Data records

────────────────────

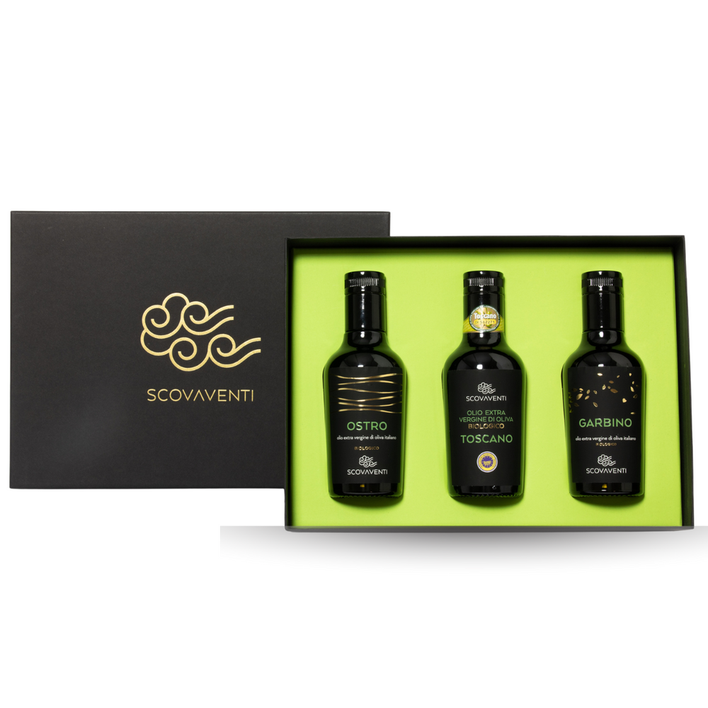 Sorprendi il tuo palato e quello dei tuoi cari con la Confezione Degustazione - Olio Extravergine di Oliva Biologico, un viaggio culinario attraverso le eccellenze dell'olio toscano.
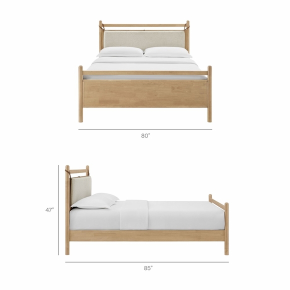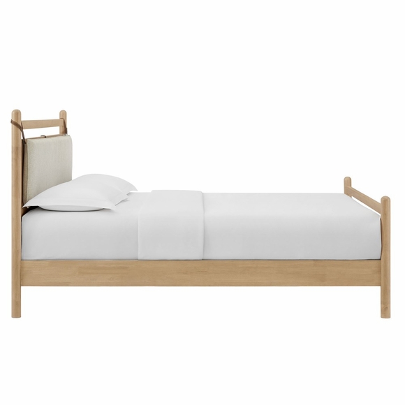 The Leni King Platform Bed has a clean, relaxed profile with gently rounded lines. Crafted from solid rubberwood, this king size bed frame features sturdy wooden slats that support your mattress without the need for a box spring. At the head of the bed, a heathered fabric pillow hangs from faux leather straps to create an upholstered headboard that adds padding and a comfortable spot for reading or evening wind-downs. The simple footboard and rounded posts keep the silhouette easy to style, pairing well with a range of bedding and decor from primary bedrooms to master suites. This solid wood bed frame with headboard offers stable support night after night with an 800 lb weight capacity.
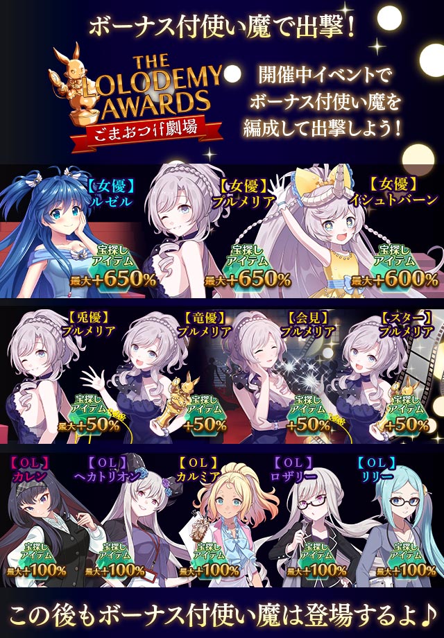 イベント【ごまおつif劇場:THE LOLODEMY AWARDS】ボーナス付使い魔一覧
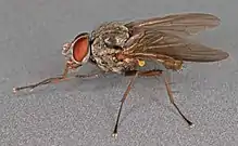 Pegomya winthemi is a species of fly in the family Anthomyiidae. Found in North America, it was first described as Anthomyia winthemi in 1829 by Johann Wilhelm Meigen. The insect measures 4.25–5 mm long.[1] Its pedipalps are infuscated (darkened with a brownish tinge) apically; the anterior lateral angles of the thorax and scutellum are yellowish red. The longest hairs of the arista are a little longer than its basal diameter, while the lower calyptra (small membranes above the halteres) are distinctly protruded. The scutellum is almost bare on the disc. The posthumeral bristle is not duplicated, and the area between the posthumeral and the margin of thorax is almost bare.[2]
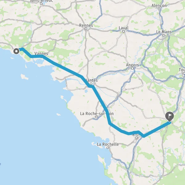 Prendre à droite et rejoindre A83. Continuer sur 150 kilomètres
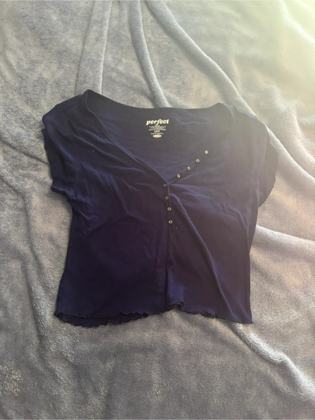 This is a blue Henley shirt from Old Navy. It's a size S/P. The shirt has a V-neck with button closure and a lettuce hem.
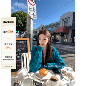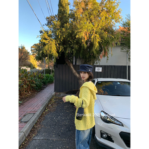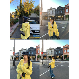 板栗可可'里斯本早秋'慵懒风毛衣开衫外套女连帽早秋麻花针织衣
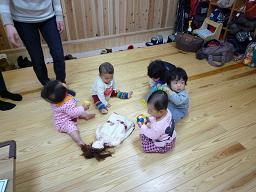 今日のマイママ 公開済み: 2014年1月23日更新: 2017年2月15日作成者: maymamaカテゴリー: にじ組, マイママ, マイママBLOG 今日は調理実習をしました。 ママたちが、調理している間、赤ちゃんたちは、お昼寝をしたり、遊んだりして、ご飯ができるのを待っていました。 赤ちゃんたちはよくわかっているようで、ご飯が出来上がるころ いい匂いに誘われ、お腹もすいてきて、グズグズ・・・ ちゃんと「いただきます」をして、みんなでおいしくいただきました。 そして、食後はみんなで楽しく遊んでいました。
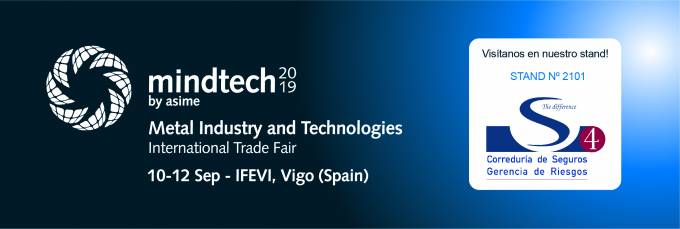 El Grupo S4 ha confirmado su presencia con stand en la Metal Industry and Technologies International Trade Fair (Mindtech), organizada por Asime en el Instituto Ferial de Vigo. Participa como "como correduría de seguros de referencia para empresas ligadas a la innovación tecnológica e industrial". Entre las empresas expositoras en el evento se encuentran empresas especializadas en robótica, fabricación aditiva o industria aerospacial y que convivirán con starts up ligadas a la revolución 4.0.
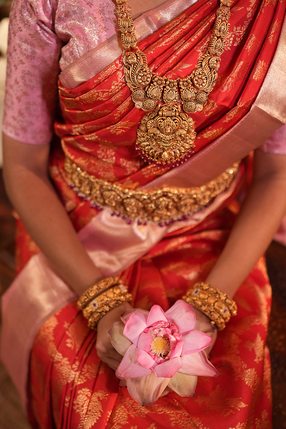 Royal Red Bridal Silk Saree with Antique Gold Zari Motifs & Soft Pink Border
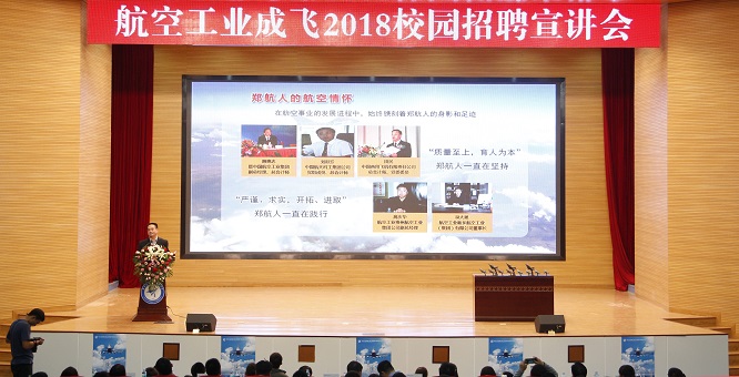 倪永锋对我校在航空工业人才培养、科学研究、社会服务等诸多方面的优势地位及发展情况给予充分肯定。“成飞集团近年来发展迅猛,基础科研能力需要不断加强。”他希望,“双方能够进一步加强深度合作与交流,希望通过此次招聘从贵校吸纳更多优秀人才加盟成飞集团”。 “让航空事业的发展进程中,始终镌刻郑航人的身影和足迹” 成飞集团在我校举办校园宣讲尚属首次。宣讲会上,石培哲代表我校致辞。他回顾了成飞和郑航长久以来的密切合作,细致解读了学校一以贯之的“情系航空,服务航空,为航空工业输送人才”的育才理念。他勉励应届毕业生,“要以最充分的准备、最昂扬的精神面貌迎接成飞的选拔”。他向在校大学生提出希望,“让航空事业的发展进程中,始终镌刻郑航人的身影和足迹。”
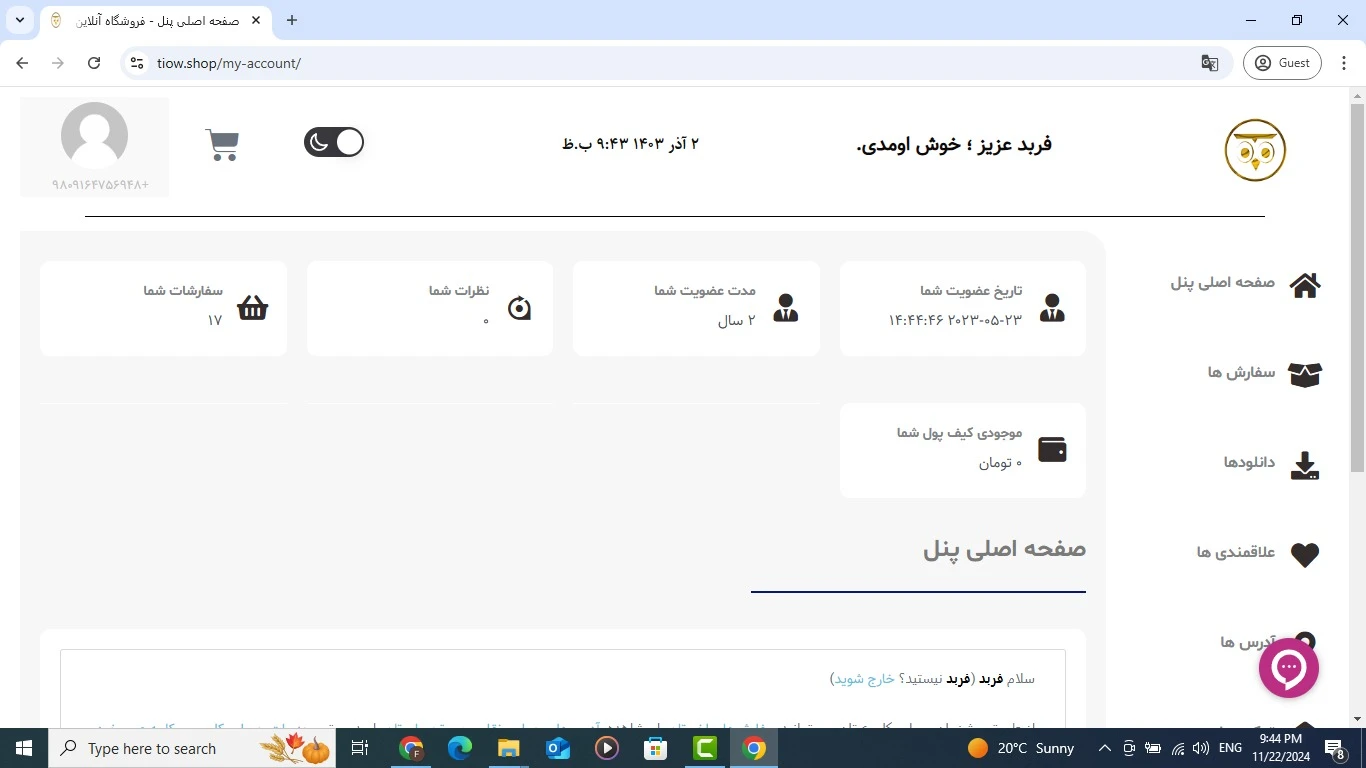 پروژه فروشگاه آنلاین با پنل کاربری اختصاصی

────────────────────

The preceding entries should be duplicated word for word; no picture belongs in the copy.

> [YOUR RESPONSE]
 Sorprendi il tuo palato e quello dei tuoi cari con la Confezione Degustazione - Olio Extravergine di Oliva Biologico, un viaggio culinario attraverso le eccellenze dell'olio toscano.
 The Leni King Platform Bed has a clean, relaxed profile with gently rounded lines. Crafted from solid rubberwood, this king size bed frame features sturdy wooden slats that support your mattress without the need for a box spring. At the head of the bed, a heathered fabric pillow hangs from faux leather straps to create an upholstered headboard that adds padding and a comfortable spot for reading or evening wind-downs. The simple footboard and rounded posts keep the silhouette easy to style, pairing well with a range of bedding and decor from primary bedrooms to master suites. This solid wood bed frame with headboard offers stable support night after night with an 800 lb weight capacity.
 イベント【ごまおつif劇場:THE LOLODEMY AWARDS】ボーナス付使い魔一覧
 Pegomya winthemi is a species of fly in the family Anthomyiidae. Found in North America, it was first described as Anthomyia winthemi in 1829 by Johann Wilhelm Meigen. The insect measures 4.25–5 mm long.[1] Its pedipalps are infuscated (darkened with a brownish tinge) apically; the anterior lateral angles of the thorax and scutellum are yellowish red. The longest hairs of the arista are a little longer than its basal diameter, while the lower calyptra (small membranes above the halteres) are distinctly protruded. The scutellum is almost bare on the disc. The posthumeral bristle is not duplicated, and the area between the posthumeral and the margin of thorax is almost bare.[2]
 Prendre à droite et rejoindre A83. Continuer sur 150 kilomètres
 This is a blue Henley shirt from Old Navy. It's a size S/P. The shirt has a V-neck with button closure and a lettuce hem.
 板栗可可'里斯本早秋'慵懒风毛衣开衫外套女连帽早秋麻花针织衣
 今日のマイママ 公開済み: 2014年1月23日更新: 2017年2月15日作成者: maymamaカテゴリー: にじ組, マイママ, マイママBLOG 今日は調理実習をしました。 ママたちが、調理している間、赤ちゃんたちは、お昼寝をしたり、遊んだりして、ご飯ができるのを待っていました。 赤ちゃんたちはよくわかっているようで、ご飯が出来上がるころ いい匂いに誘われ、お腹もすいてきて、グズグズ・・・ ちゃんと「いただきます」をして、みんなでおいしくいただきました。 そして、食後はみんなで楽しく遊んでいました。
 El Grupo S4 ha confirmado su presencia con stand en la Metal Industry and Technologies International Trade Fair (Mindtech), organizada por Asime en el Instituto Ferial de Vigo. Participa como "como correduría de seguros de referencia para empresas ligadas a la innovación tecnológica e industrial". Entre las empresas expositoras en el evento se encuentran empresas especializadas en robótica, fabricación aditiva o industria aerospacial y que convivirán con starts up ligadas a la revolución 4.0.
 Royal Red Bridal Silk Saree with Antique Gold Zari Motifs & Soft Pink Border
 倪永锋对我校在航空工业人才培养、科学研究、社会服务等诸多方面的优势地位及发展情况给予充分肯定。“成飞集团近年来发展迅猛,基础科研能力需要不断加强。”他希望,“双方能够进一步加强深度合作与交流,希望通过此次招聘从贵校吸纳更多优秀人才加盟成飞集团”。 “让航空事业的发展进程中,始终镌刻郑航人的身影和足迹” 成飞集团在我校举办校园宣讲尚属首次。宣讲会上,石培哲代表我校致辞。他回顾了成飞和郑航长久以来的密切合作,细致解读了学校一以贯之的“情系航空,服务航空,为航空工业输送人才”的育才理念。他勉励应届毕业生,“要以最充分的准备、最昂扬的精神面貌迎接成飞的选拔”。他向在校大学生提出希望,“让航空事业的发展进程中,始终镌刻郑航人的身影和足迹。”
 پروژه فروشگاه آنلاین با پنل کاربری اختصاصی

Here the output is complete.